Without changing a character, return the entries, but not the images they hold.

### Source data

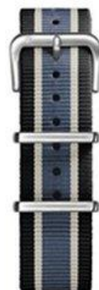
Black Ivory Jean
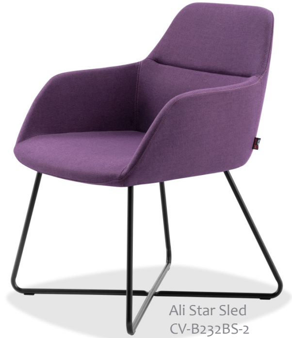
Ali Star Sled CV-B232BS-2

Perfectly suited across a diverse range of interior workspaces, breakout and seating areas in the public, aged care, health care, hospital and education sectors.
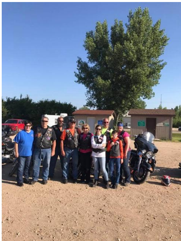
1st weekend on the Department Legacy Ride. This is a picture of all the First District people on the ride! Great cause and had a great time.
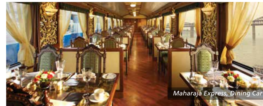
Maharaja Express, Dining Car

Although not a luxury train, another iconic train journey is aboard El Chepe, which travels through the stunning Copper Canyon.
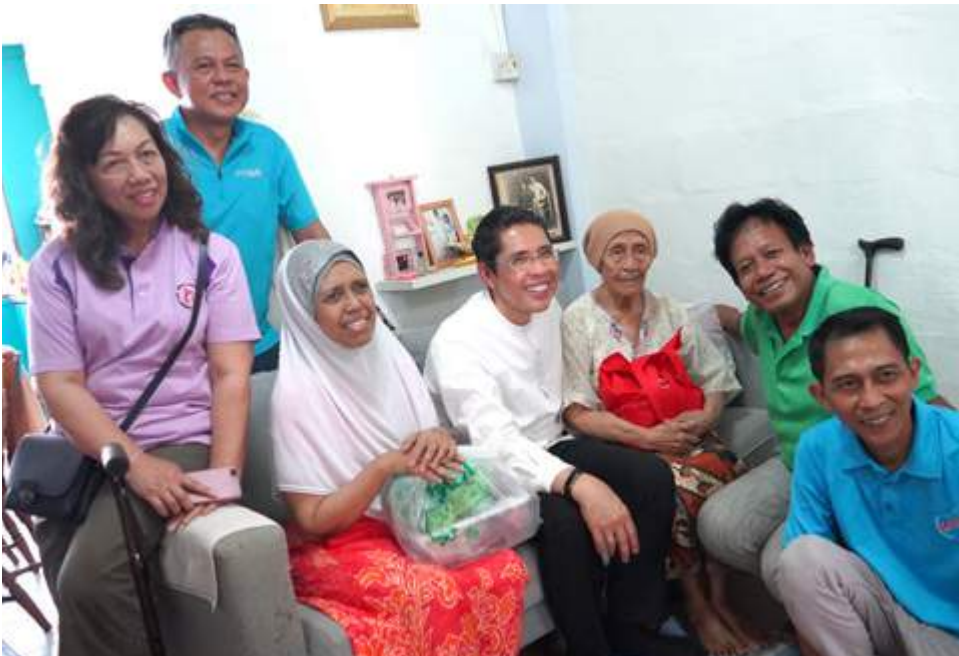
Dr Mohamad Maliki Osman, Mayor, South East District and Senior Minister of State for Defence and Foreign Affairs, flanked by mother and daughter - both recipients of food rations - at their Bedok home during the Meat For The Needy distribution

I n this year's Meat For The Needy distribution, our Community Outreach and Development and Department (CODD), collaborated with five constituencies – Sembawang GRC, Jurong GRC, Macpherson SMC, Marsiling-Yew Tee GRC, and East Coast GRC. The recipients comprised beneficiaries from the various races and faiths in Singapore.
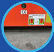
INCREASED GROUND CLEARANCE
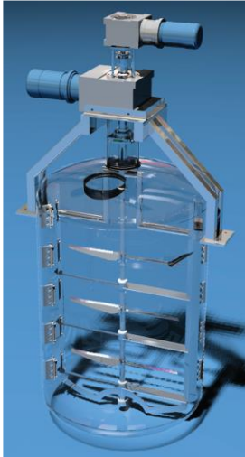
Counter Rotating Mixing System

STAINLESS STEEL FABRICATION, PROFESSIONAL ENGINEERS, FOOD AND PHARMACEUTICAL PROCESS SYSTEMS, HYGIENIC & ASEPTIC PUMPS, HEAT EXCHANGERS AND VALVES.
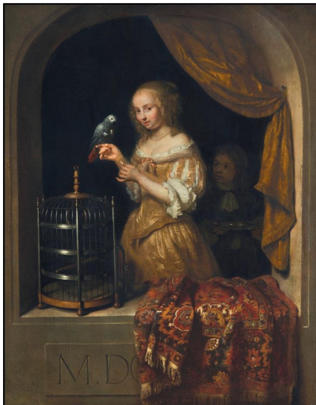
Caspar Netscher (1639-1684), Woman feeding a parrot signed and dated 'CNetscher.Ao./16.66.' (CN linked) (lowerleft) oil on panel, 18 1 / 8 x 14 5 / 8 in. (46 x 37 cm.) Estimate: $2,000,000-3,000,000

HIGHLIGHT IS CASPAR NETSCHER'S WOMAN FEEDING A PARROT
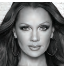
VANESSA WILLIAMS 1981 Theater
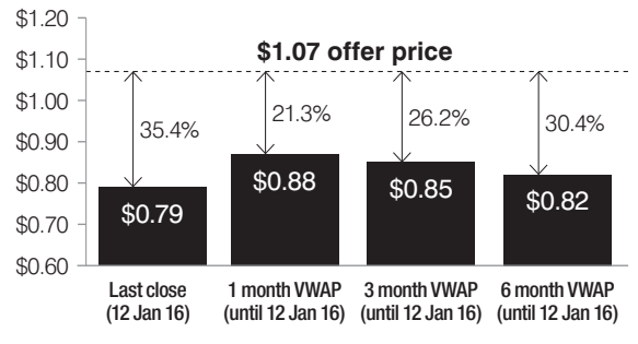
Figure 1: Offer premium*

*  As permitted by ASIC Class Order 07/429, this chart contains ASX share price trading information sourced from IRESS Limited without its consent.
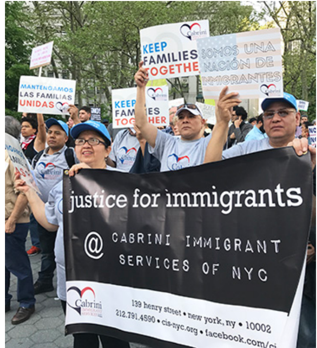
Cabrini Immigrant Services NYC staff and Justice for Immigrant Services members rallied in New York City on May 1 st .
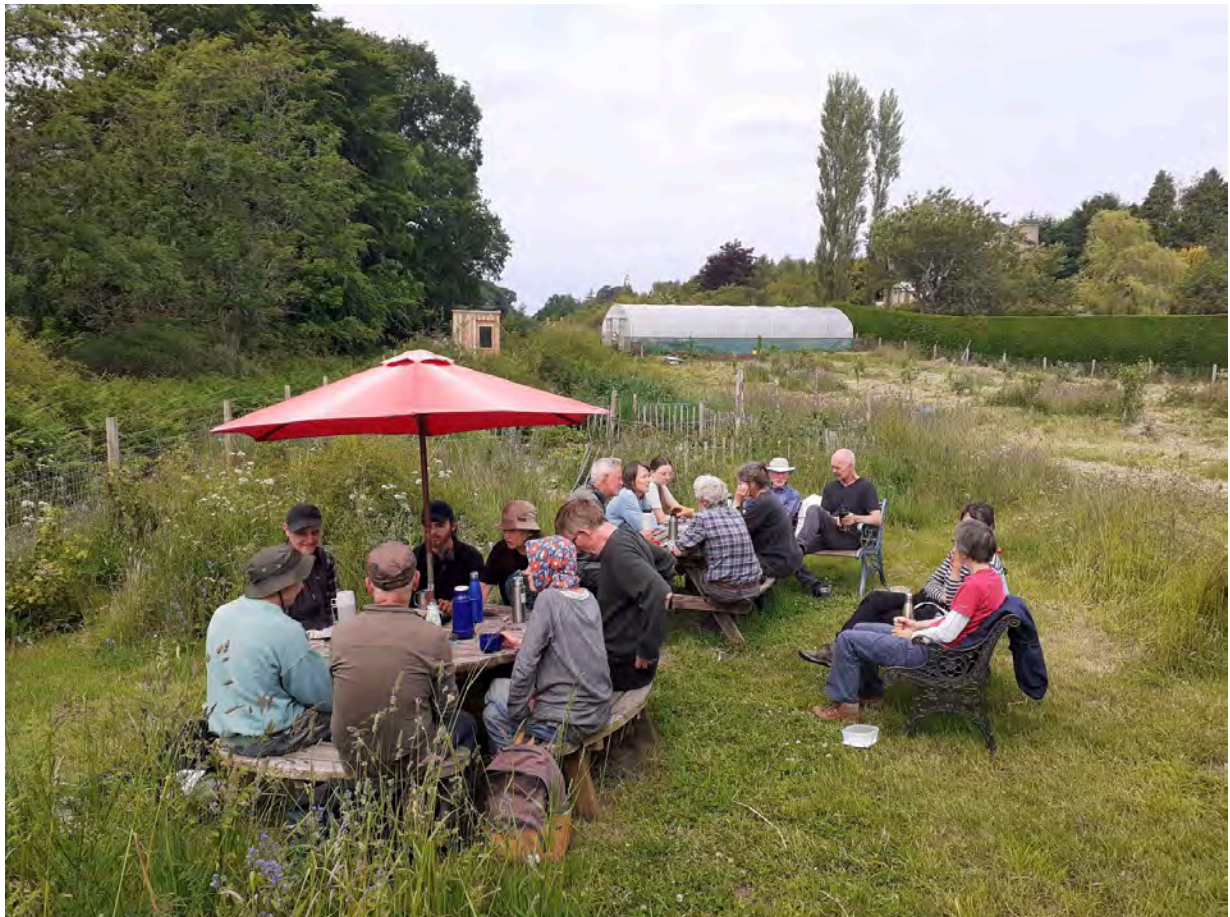
Image 8. Community Garden Tea Break

The potting shed/community hub, tool shed and compost toilet, which were acquired during the previous year, have now become an integral part of the structure of the garden and definitely proved their worth.
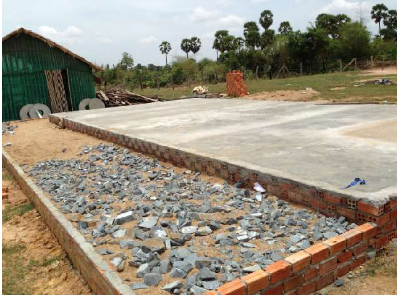
[KAD - 2013 Annual Report]
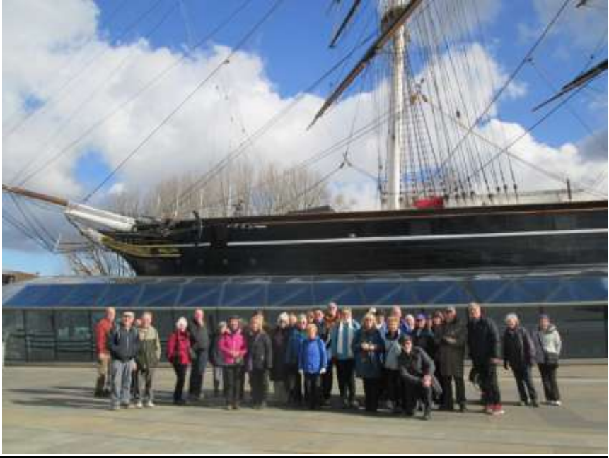
The Motley Crew
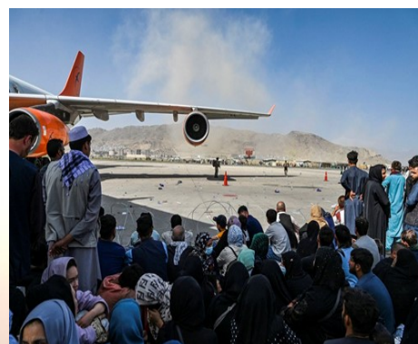
Air Lift Afghanistan

Disaster Relief Offering throughout September
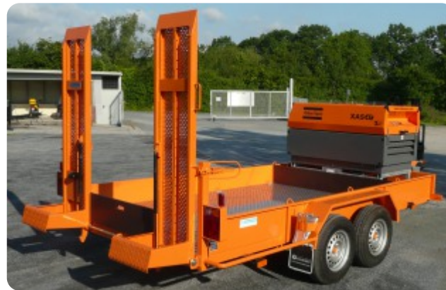
Minitrailer with mounted compressor and aluminium-chequer plate floor
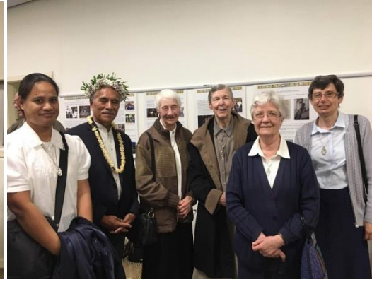
Daughters of Our Lady of the Sacred Heart with Anote Tong

######

* Answer section:
Black Ivory Jean
Ali Star Sled CV-B232BS-2

Perfectly suited across a diverse range of interior workspaces, breakout and seating areas in the public, aged care, health care, hospital and education sectors.
1st weekend on the Department Legacy Ride. This is a picture of all the First District people on the ride! Great cause and had a great time.
Maharaja Express, Dining Car

Although not a luxury train, another iconic train journey is aboard El Chepe, which travels through the stunning Copper Canyon.
Dr Mohamad Maliki Osman, Mayor, South East District and Senior Minister of State for Defence and Foreign Affairs, flanked by mother and daughter - both recipients of food rations - at their Bedok home during the Meat For The Needy distribution

I n this year's Meat For The Needy distribution, our Community Outreach and Development and Department (CODD), collaborated with five constituencies – Sembawang GRC, Jurong GRC, Macpherson SMC, Marsiling-Yew Tee GRC, and East Coast GRC. The recipients comprised beneficiaries from the various races and faiths in Singapore.
INCREASED GROUND CLEARANCE
Counter Rotating Mixing System

STAINLESS STEEL FABRICATION, PROFESSIONAL ENGINEERS, FOOD AND PHARMACEUTICAL PROCESS SYSTEMS, HYGIENIC & ASEPTIC PUMPS, HEAT EXCHANGERS AND VALVES.
Caspar Netscher (1639-1684), Woman feeding a parrot signed and dated 'CNetscher.Ao./16.66.' (CN linked) (lowerleft) oil on panel, 18 1 / 8 x 14 5 / 8 in. (46 x 37 cm.) Estimate: $2,000,000-3,000,000

HIGHLIGHT IS CASPAR NETSCHER'S WOMAN FEEDING A PARROT
VANESSA WILLIAMS 1981 Theater
Figure 1: Offer premium*

*  As permitted by ASIC Class Order 07/429, this chart contains ASX share price trading information sourced from IRESS Limited without its consent.
Cabrini Immigrant Services NYC staff and Justice for Immigrant Services members rallied in New York City on May 1 st .
Image 8. Community Garden Tea Break

The potting shed/community hub, tool shed and compost toilet, which were acquired during the previous year, have now become an integral part of the structure of the garden and definitely proved their worth.
[KAD - 2013 Annual Report]
The Motley Crew
Air Lift Afghanistan

Disaster Relief Offering throughout September
Minitrailer with mounted compressor and aluminium-chequer plate floor
Daughters of Our Lady of the Sacred Heart with Anote Tong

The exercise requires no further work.